THE MARILYN MONROE TRIP

Self portrait of Bert Stern with Marilyn Monroe.

Self portrait of Bert Stern with Marilyn Monroe.

On June 21, 1962, photographer Bert Stern took what were to be the final photographs of Marilyn Monroe before her death. Know as “The Last Sitting”, the portraits were shot at the Bel Air Hotel in Hollywood over three days. On reflection Stern was never entirely satisfied with them, “because of photography’s technical limitations, they never quite communicated the dazzling image of Marilyn that existed in my mind’s eye at the time I photographed her.” As a result, over the next five years Stern began experimenting with silkscreening techniques in order to capture and preserve the image of Marilyn he saw at the time he photographed her.

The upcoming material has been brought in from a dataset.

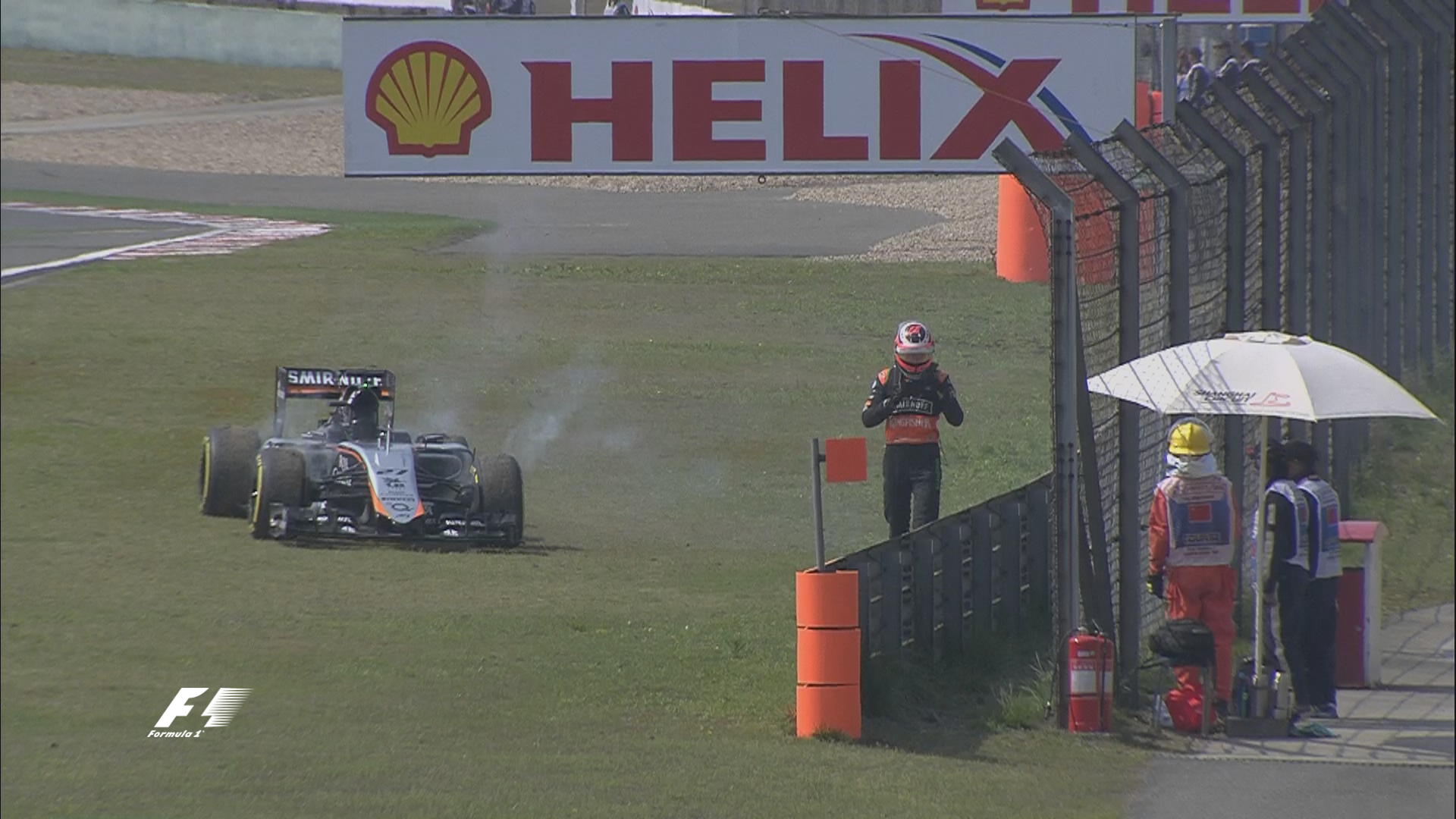 Hulkenberg abandona. Retira el coche de la pista y se baja. Parece que ha tenido un problema electrónico. Los comisarios ondean la bandera amarilla y la FIA considera que no es necesario sacar el Safety porque se puede retirar el coche sin problemas.

For Stern, making silkscreens of his own photographs of Marilyn Monroe gave him complete control of every drop of pigment to touch paper, since each tone is laid down by hand. From that control comes his feeling that the silkscreen technique brings a photograph as close as it can come to being an original art object. Beyond that, though, Stern notes, “it adds dimension to the photograph that film can’t capture. The layers of paint let me rebuild the mood of my shooting with Marilyn, the intangible impressions she made on me when we worked, most of which simply elude the fundamental tools of photography.”

THE TECHNIQUE:
Although the creation of silkscreened images is not in itself a strictly photographic process, Stern sees in it a way to add dimension to ordinary photographs – black and white or color. He uses standard materials and methods for photo silk-screening. A conventional negative is first enlarged onto an 8×10” sheer of “litho” film. The resulting high-contrast positive transparency is then placed in contact with a sheet of special “photo screen film” and exposed to the light from a 500-watt photoflood lamp until the image has been printed onto the screen film. After processing, the screen film image is transferred to a mesh screen, through which pigments are then applied onto the actual surface of the final prints. There pigments can consist of a variety of different paints or inks, including the luminescent Day-Glo material Stern uses. Once a single application has dried, extra layers can be added. For these images of Marilyn Monroe, Stern placed the extra layers slightly out of register with the initial screening. He often applies pigments by simply painting them freehand over the screened images.

Published in Issue #2 of Avant Garde magazine, March 1968. The Marilyn Monroe Trip: A Portfolio of Serigraphic Prints by Bert Stern.